What size should a LinkedIn banner be in 2026?

1584×396 pixels for a personal profile banner — a 4:1 ratio. Keep key content right-of-center and toward the top: on desktop your profile photo overlaps the banner's bottom-left, and mobile crops the sides. A company page cover is a different size: 1128×191.

What is the best image size for a LinkedIn post?

1200×627 (roughly 1.91:1) is the widely-cited recommendation for a shared/link image. Square 1080×1080 and portrait 4:5 1080×1350 also render well in the feed — portrait takes the most vertical feed space on mobile. Avoid very wide panoramas; they shrink to a sliver.
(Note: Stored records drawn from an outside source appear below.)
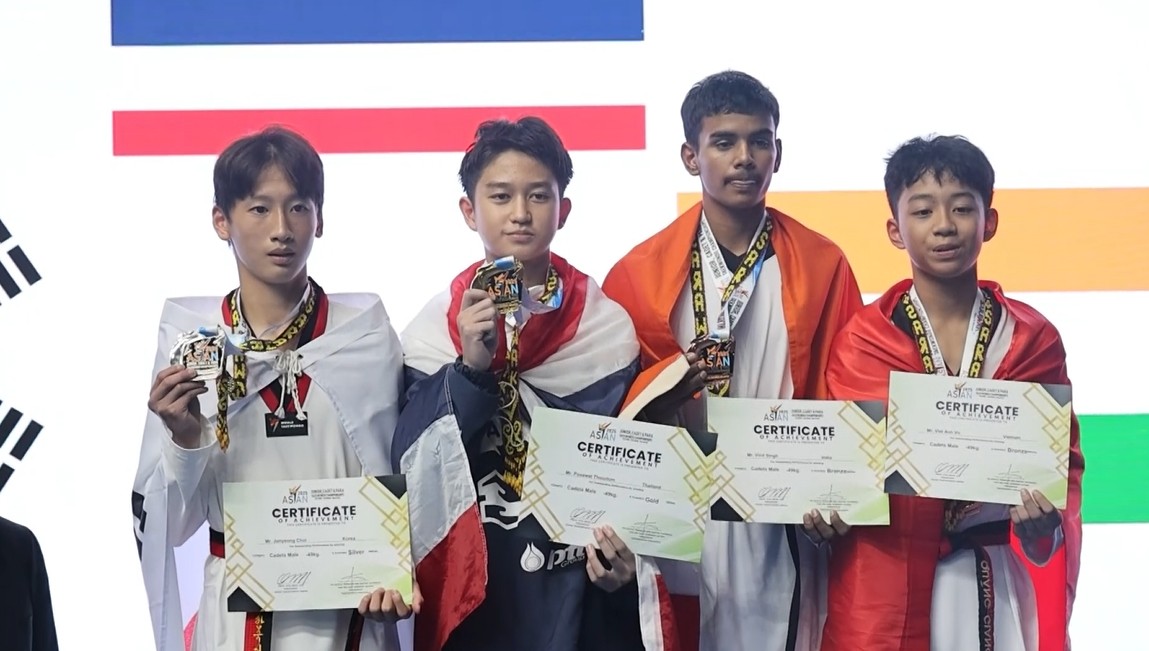 เทควันโดยุวชนและเยาวชนชิงแชมป์เอเชีย รายการ “เอเชียน จูเนียร์-คาเดต เทควันโด แชมเปี้ยนชิพส์ 2025” ที่ ประเทศมาเลเซีย วันสุดท้ายของรุ่นยุวชน รุ่นน้ำหนักไม่เกิน 49 กก.ชาย รอบชิงชนะเลิศ “เสือใหญ่” พศวัต ไทยอุดม เอาชนะ ชอย จุนยอง จากเกาหลีใต้ 2-1 ยก 11-11 (คะแนนเทคนิค พศวัต ดีกว่า), 25-25 (คะแนนเทคนิค เกาหลีใต้ดีกว่า) และ ยกสุดท้ายพศวัตชนะ 16-4 คว้าเหรียญทอง
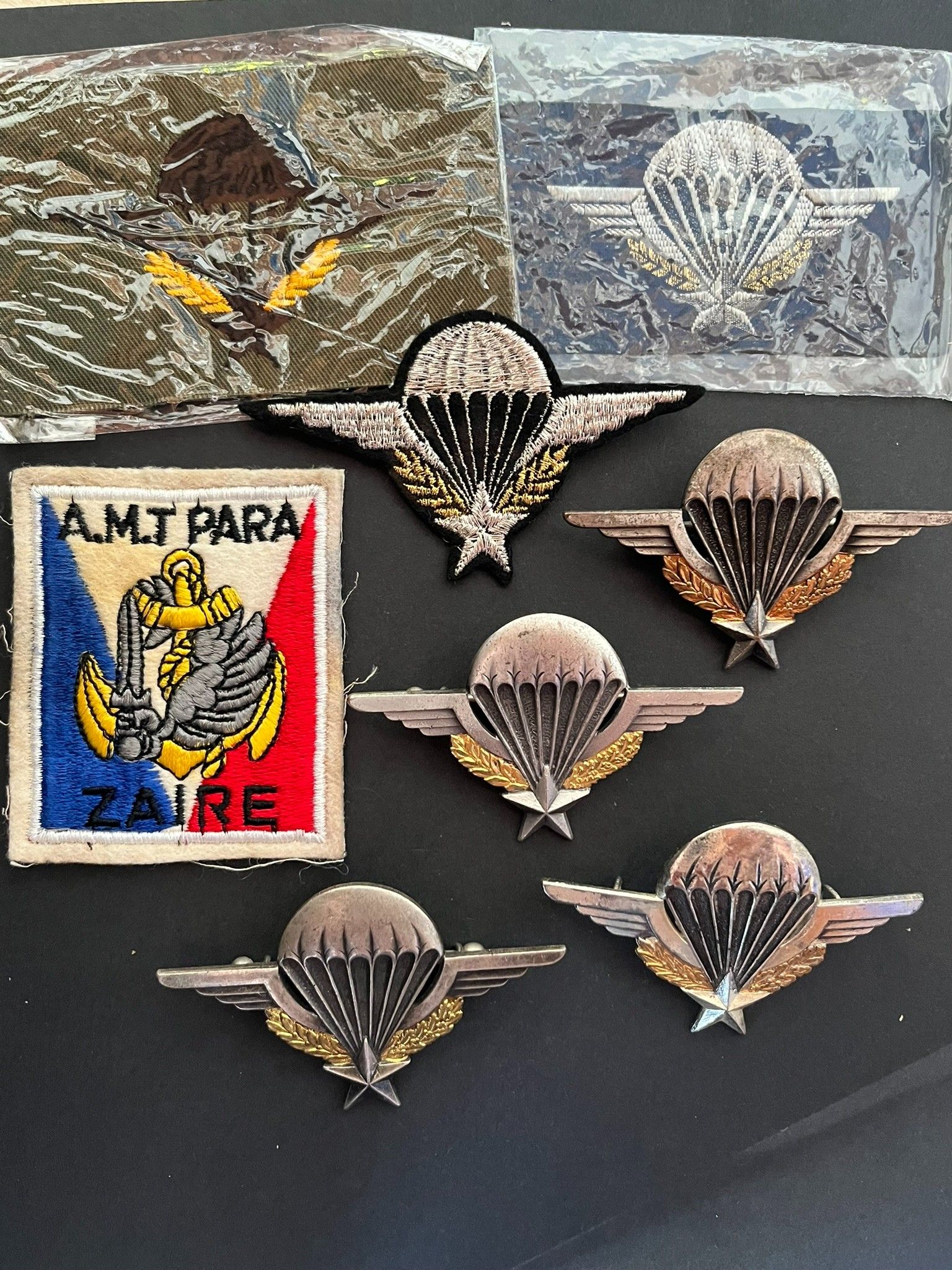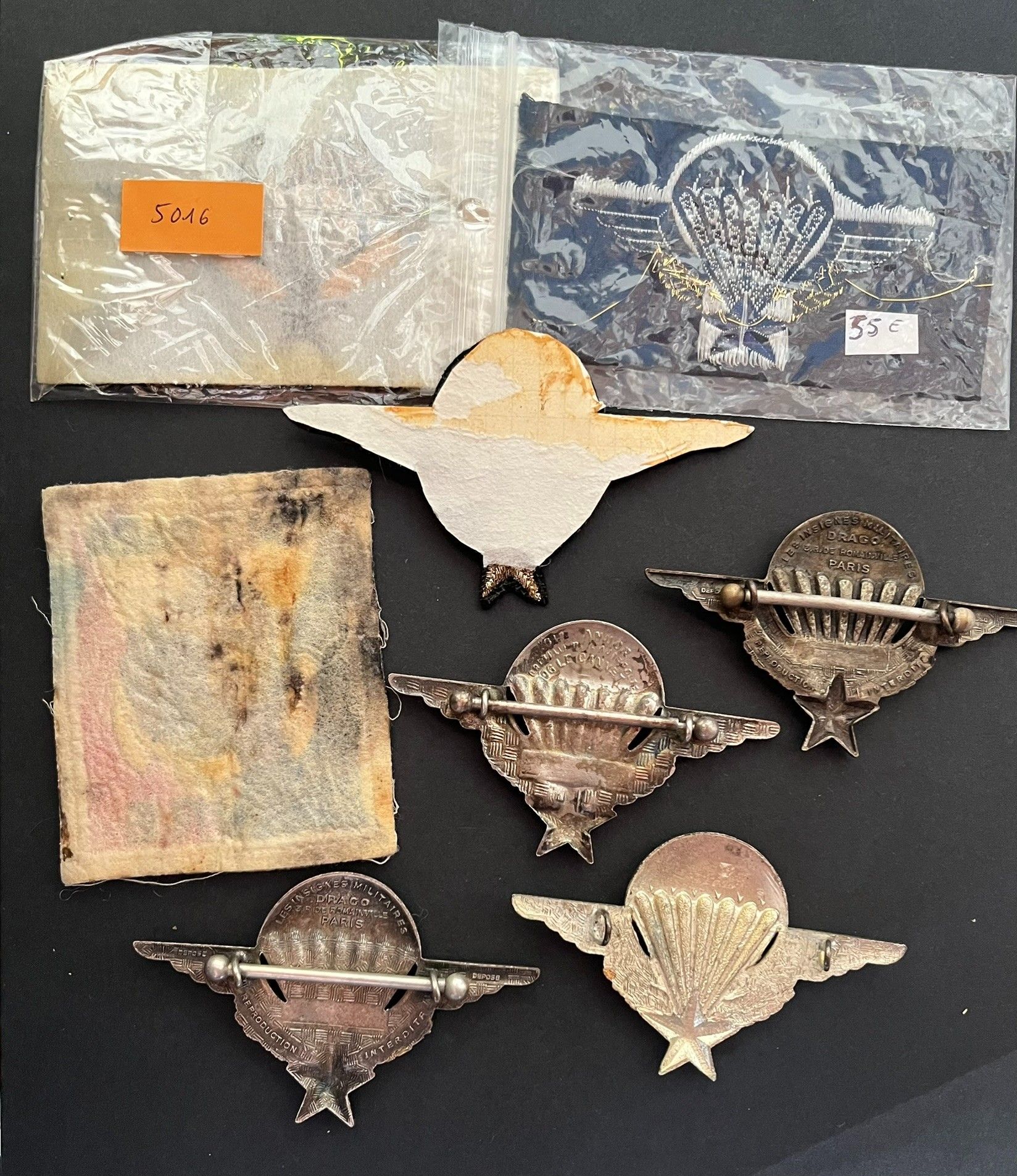 Lot of 8 pieces, Parachutist brevet model 1946 unnumbered without mark, two Parachutist brevets model 1946 unnumbered Drago Rom, Parachutist brevet model 1946 unnumbered Andor, three Parachutist brevets model 1946 in cloth and an A.M.T badge in cloth. Lot of 8 pieces, Parachutist brevet model 1946 unnumbered without mark, two Parachutist brevets model 1946 unnumbered Drago Rome, Parachutist brevet model 1946 unnumbered Andor, three fabric Parachutist brevets model 1946 and one fabric A.M.T badge
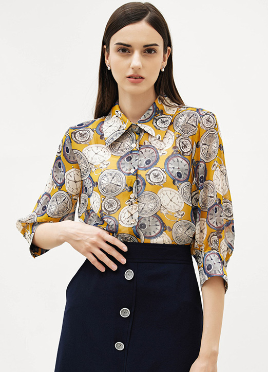 [用手表图案做了独一无二的配色,加上泡泡袖轮廓的7分袖,优雅地展现出丰满的线条,很有魅力。适合夏季到换季期一直穿着。]
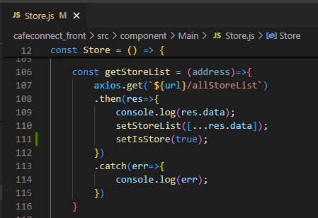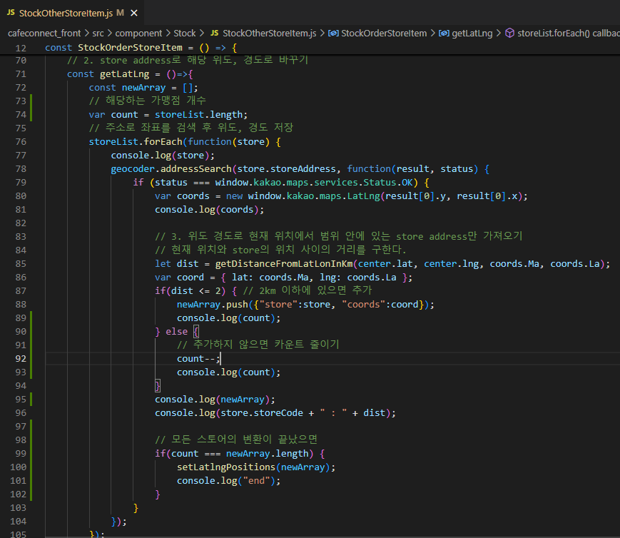 가맹점 리스트를 세팅하고 isStore를 true로 만들면 getLatLng() 함수가 실행된다.
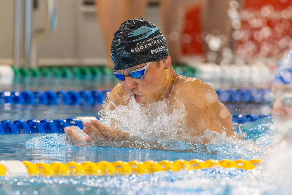 über die 50m Brust Strecke ins Becken. Ben, Alexander und Diego schwammen jeweils persönliche Bestzeiten. Ben belegte damit einen hervorragenden Platz vier in der Jahrgangswertung, Diego kam auf
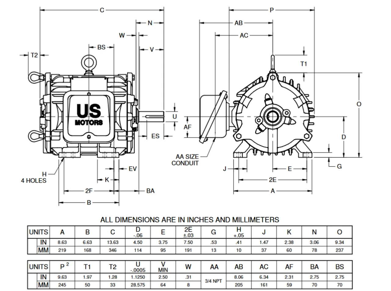 - NEMA 184T Cast Iron frame Keyed Shaft 1 1/8″ Diameter x 2 3/4″
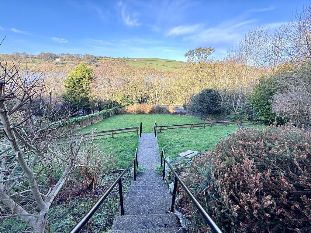 Large tiered gardens to rear with steps between each level.

What are the LinkedIn profile picture requirements?

Minimum 400×400 pixels, square. LinkedIn displays it as a circle everywhere, so keep your face centered — anything in the square's corners gets cut. A larger square (800×800 or more) looks sharper on high-density screens; there's no benefit to going non-square since it forces a crop.

What size are LinkedIn carousel images?

LinkedIn carousels are actually PDF documents, not image sets. Design each page at 1080×1080 (square) or 1080×1350 (4:5 portrait), export the deck as a PDF, and upload it as a document. Limits commonly cited: up to 300 pages and 100MB. Portrait pages take more feed space on mobile.

Is my image uploaded when I use this checker?

No. The checker reads your image's width and height locally in your browser using the JavaScript Image object — the file never leaves your machine and nothing is sent to any server.

Do LinkedIn image sizes change over time?

Yes — LinkedIn adjusts display specs with UI updates, and it doesn't always document the changes. The values on this page are the widely-cited current ones as of 2026. The durable skill is thinking in aspect ratios (4:1 banner, 1:1 or 4:5 feed image, 16:9 event and article covers) rather than memorizing pixel numbers.